Фрида. Сколько разговоров вокруг рыбки!
Лоуренс. Дело не только в рыбке.
Фрида. А в чем тогда?
Лоуренс. Я изнурен, и я не в состоянии заставить себя не думать о том, сколько сил потрачено на ссоры с тобой из-за пустяков.
Фрида (неожиданно закрыв лицо). О, Лоуренс.
Лоуренс. Что с тобой? Ты плачешь? Не плачь. Я не могу утешить тебя, мне станет хуже.
Фрида. Я думаю, ты меня ненавидишь, Лоуренс.
Лоуренс (робко касаясь ее руки). Нет, я тебя люблю. Ich leibe dich, Фрида. Налей мне в чай рома. Мне намного лучше, так почему я чувствую такую слабость?
Фрида (касаясь его лба). Тебе надо лечь в постель.
Лоуренс. Постель связывает по рукам и ногам. Я пригвожден к ней. Как узнать, что я вырвусь опять на свободу.
Фрида закрывает его глаза рукой.
Лоуренс (детским голоском). «Божья коровка, божья коровка, улети на небо, твой дом в огне, твои детки в беде». (Чуть улыбаясь) Мама мне это всегда пела, когда видела божью коровку. Простая душа.
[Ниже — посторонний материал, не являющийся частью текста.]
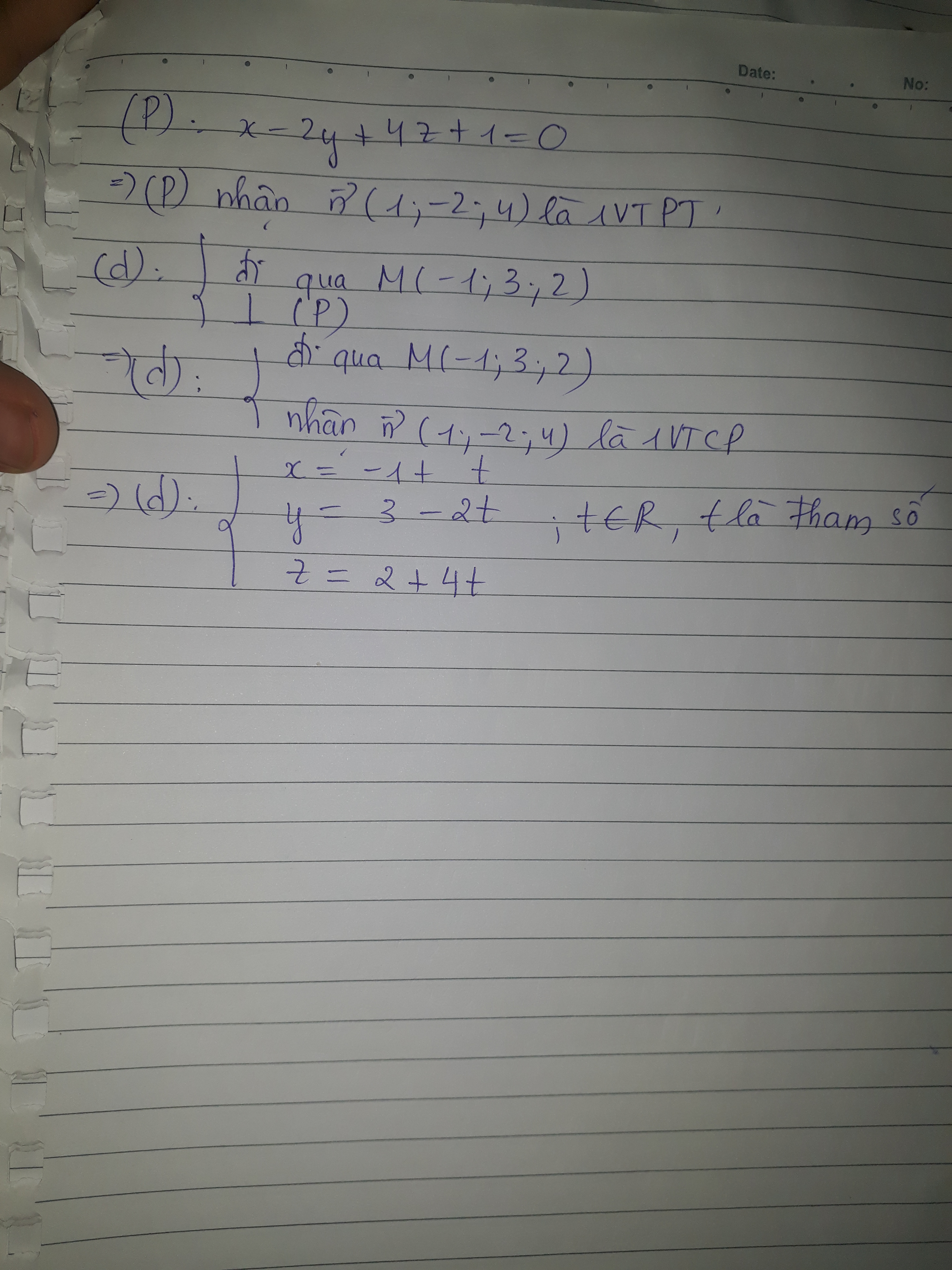 1206)Trong không gian Oxyz cho điểm M(-1;3;2) và mp (p):x-2y+4z+1=0. Đường thẳng đi qua M và vuông góc với (p) có phương trình là?

Большинство людей все чертовски усложняет, хотя дело выеденного яйца не стоит. (Фрида, выходя, останавливается перед знаменем).
Фрида. Ах, ты старый Феникс, храбрая и злая старая птица в своем горящем гнезде! Ты лишь немного сентиментален.
Лоуренс (внезапно подавшись вперед). Чай на троих!
Фрида. Кто третий?
Лоуренс. Берта! Она возвращается с новостями о выставке из Лондона (Пытается встать)
Фрида. Что ты делаешь?
Лоуренс. Хочу выйти, чтобы встреть ее.
Фрида. Сядь, дурачина. Я встречу ее. И не вздумай предлагать ей остаться у нас. Если ты это сделаешь, я уйду! (Выходит)
Лоуренс. Кудах — тах — тах! Думаешь, я хочу, чтобы вокруг меня было как можно больше квочек? (Какое-то мгновение раздраженно дергается в кресле, затем скидывает одеяло и встает, качаясь от головокружения и задыхаясь. Продвигается к двери веранды. Доходит до нее, останавливается, закашлявшись. С беспокойством оглядывается на кресло) Нет, нет, черт подери, меня так просто не возьмешь! (Смотрит на Феникса, героическими усилиями выпрямляется и выходит. Через несколько секунд входят Фрида и Берта, маленькая, подвижная как ртуть женщина, английская леди. У нее взгляд ребенка и быстрая речь)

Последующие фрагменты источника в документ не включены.